* About this exercise: The response should hold every record from the listing that follows, verbatim, and no pictures.

* Dataset excerpts:
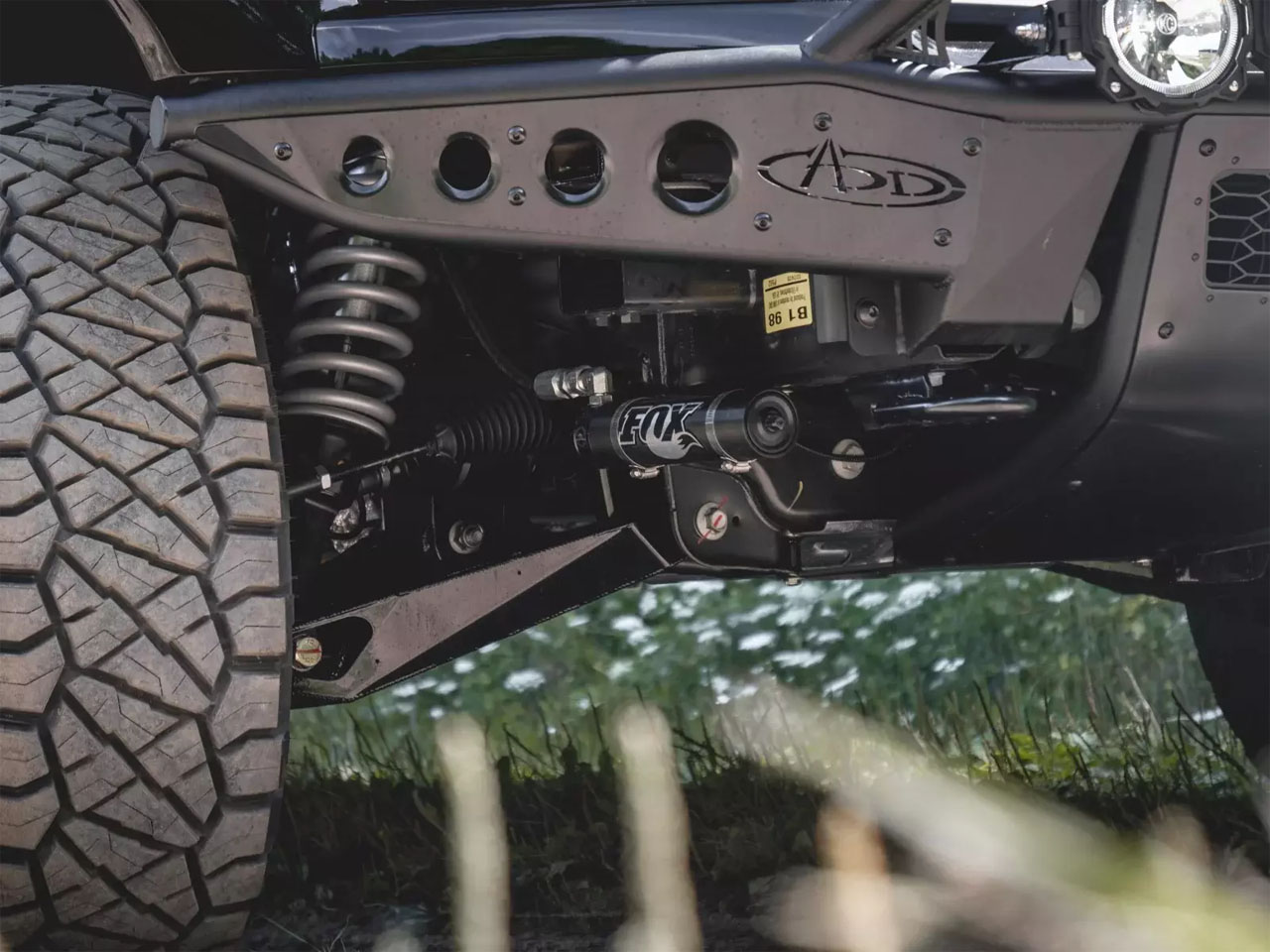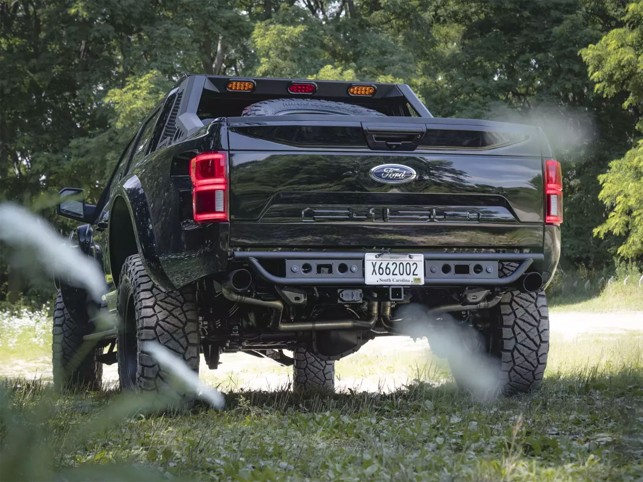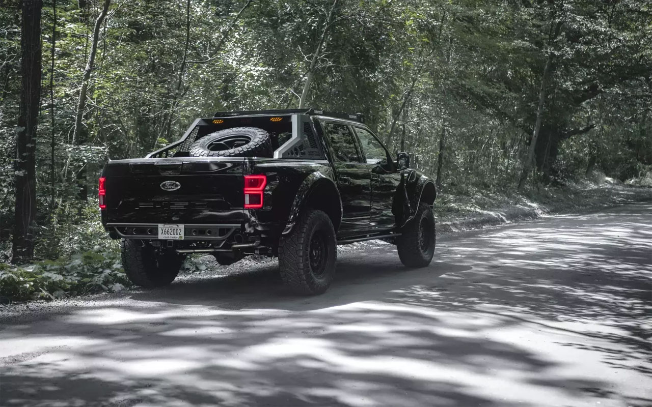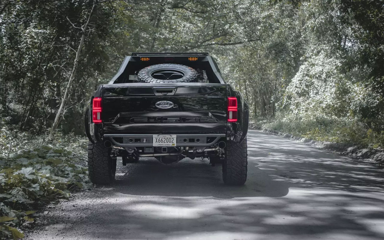 To make that much power and torque requires 93-octane premium. The fuel system was modified with upgraded fuel rails, 47 pound-per-hour fuel injectors, and a new air-to-liquid intercooler. The heavily modified suspension does maintain the factory Ford tow rating. This vehicle does roll on the Baja Suspension kit featuring Fox Racing shocks and new control arms and half shafts. Exact pricing is a mystery, but the truck is expected to cost well to the six-figure range.
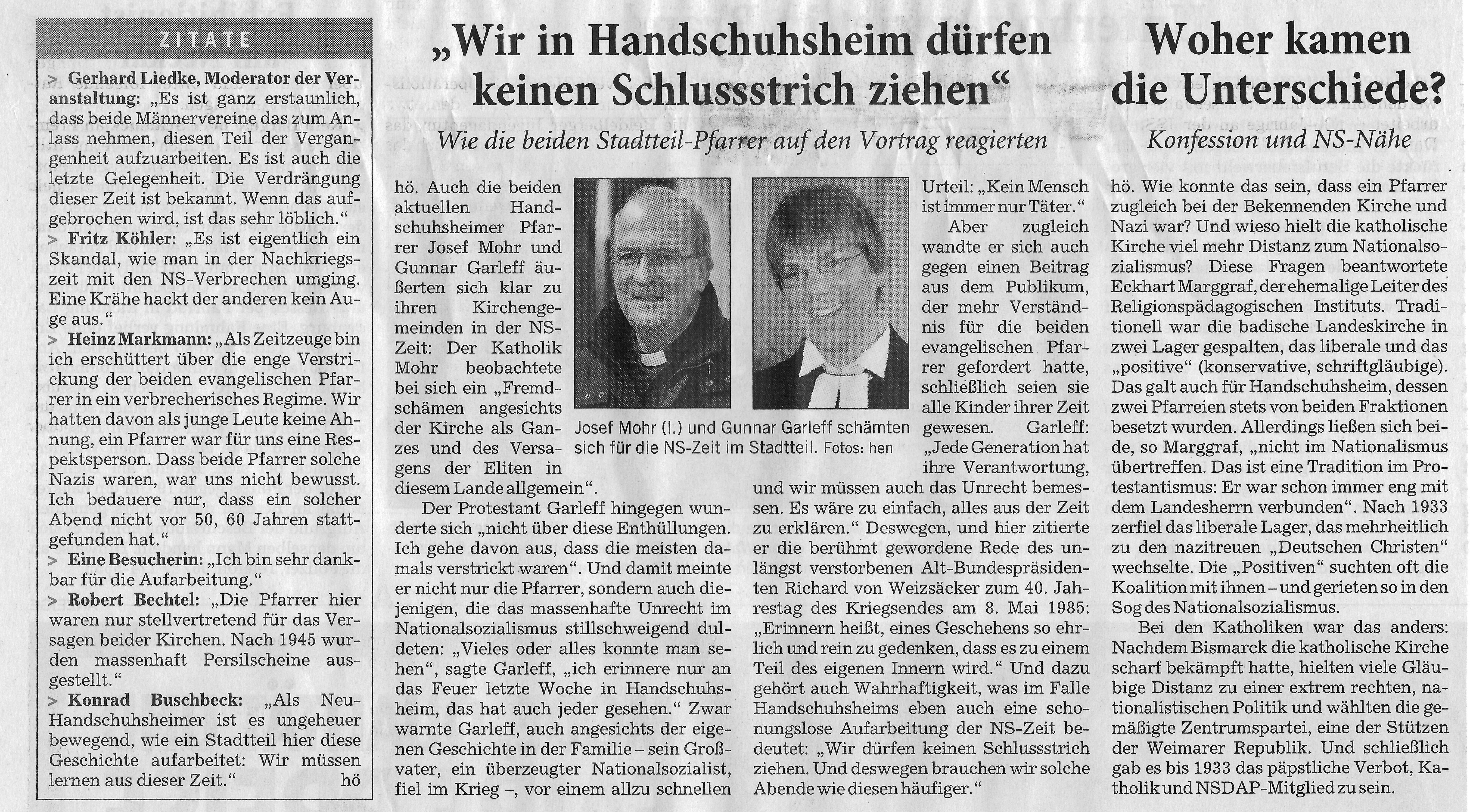 Der Evangelische Männerverein Handschuhsheim und der Katholische Männerkreis St. Vitus hatten aus Anlass der 1250-Jahr-Feier Handschuhsheims zu einem bemerkenswerten Vortrags- und Diskussionsabend eingeladen. Es ging um die Geschichte der Handschuhsheimer Kirchengemeinden und ihrer Pfarrer während der NS-Zeit. Einen ausführlichen Bericht von Rüdiger Runge finden Sie hier.
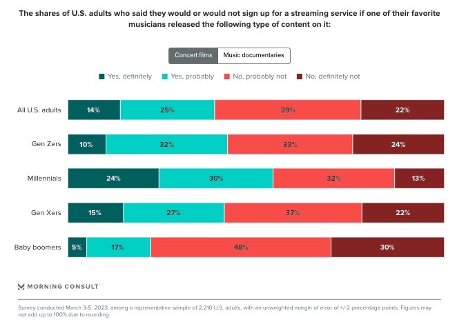 The majority of US millennials would sign up for a streaming service if one of their favorite musicians were to release a concert on that platform. (Morning Consult)
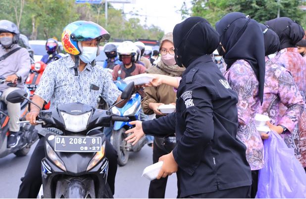 “Kami membagikan nasi kotak untuk sarapan pagi kepada masyarakat maupun pengguna jalan yang melintas,” kata Ipda Airin Sari Noya.
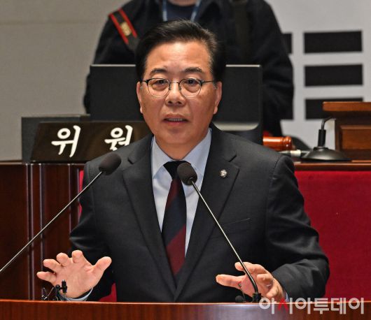 아시아투데이 송의주 기자 = 송언석 국민의힘 원내대표가 15일 국회에서 열린 의원총회에서 발언을 하고 있다.
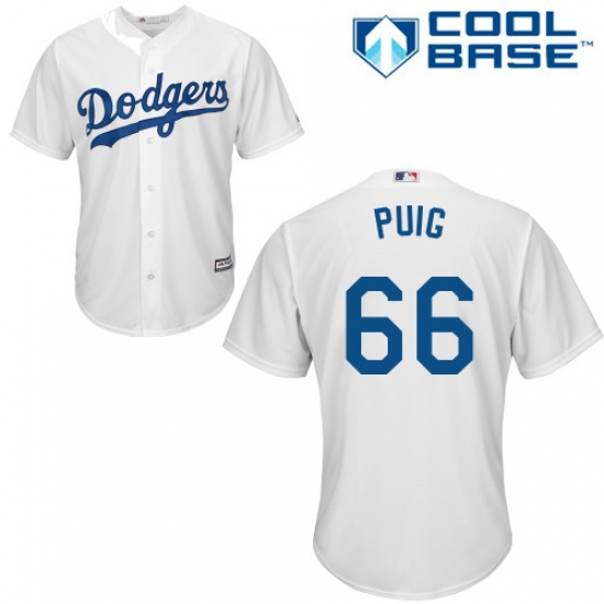 Men's Majestic Los Angeles Dodgers #66 Yasiel Puig Replica White Home Cool Base MLB Jersey
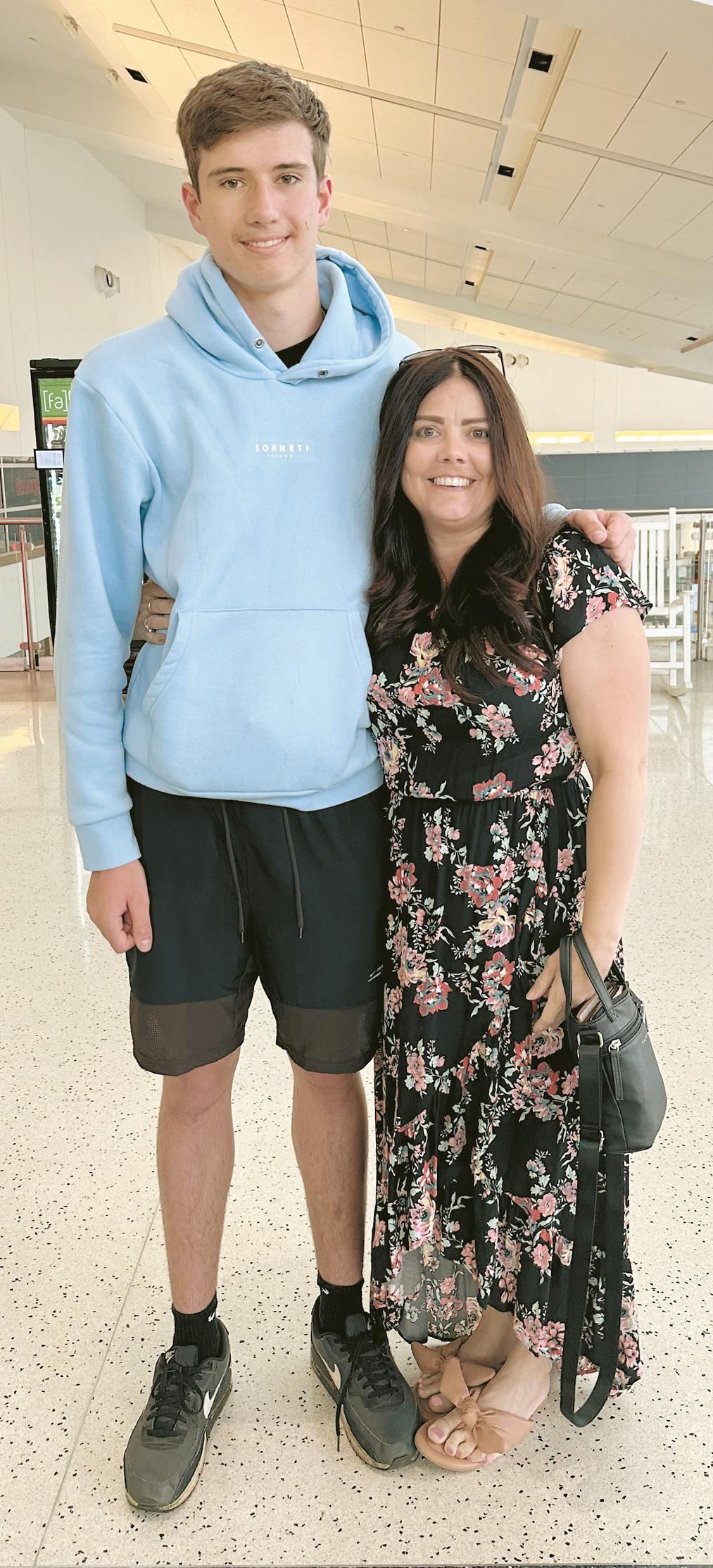 SHARE! exchange student Tim Duellberg (left) said goodbye to host mom Shannon Portales when he returned to Germany in June.

* Reply to the exercise:
 To make that much power and torque requires 93-octane premium. The fuel system was modified with upgraded fuel rails, 47 pound-per-hour fuel injectors, and a new air-to-liquid intercooler. The heavily modified suspension does maintain the factory Ford tow rating. This vehicle does roll on the Baja Suspension kit featuring Fox Racing shocks and new control arms and half shafts. Exact pricing is a mystery, but the truck is expected to cost well to the six-figure range.
 Der Evangelische Männerverein Handschuhsheim und der Katholische Männerkreis St. Vitus hatten aus Anlass der 1250-Jahr-Feier Handschuhsheims zu einem bemerkenswerten Vortrags- und Diskussionsabend eingeladen. Es ging um die Geschichte der Handschuhsheimer Kirchengemeinden und ihrer Pfarrer während der NS-Zeit. Einen ausführlichen Bericht von Rüdiger Runge finden Sie hier.
 The majority of US millennials would sign up for a streaming service if one of their favorite musicians were to release a concert on that platform. (Morning Consult)
 “Kami membagikan nasi kotak untuk sarapan pagi kepada masyarakat maupun pengguna jalan yang melintas,” kata Ipda Airin Sari Noya.
 아시아투데이 송의주 기자 = 송언석 국민의힘 원내대표가 15일 국회에서 열린 의원총회에서 발언을 하고 있다.
 Men's Majestic Los Angeles Dodgers #66 Yasiel Puig Replica White Home Cool Base MLB Jersey
 SHARE! exchange student Tim Duellberg (left) said goodbye to host mom Shannon Portales when he returned to Germany in June.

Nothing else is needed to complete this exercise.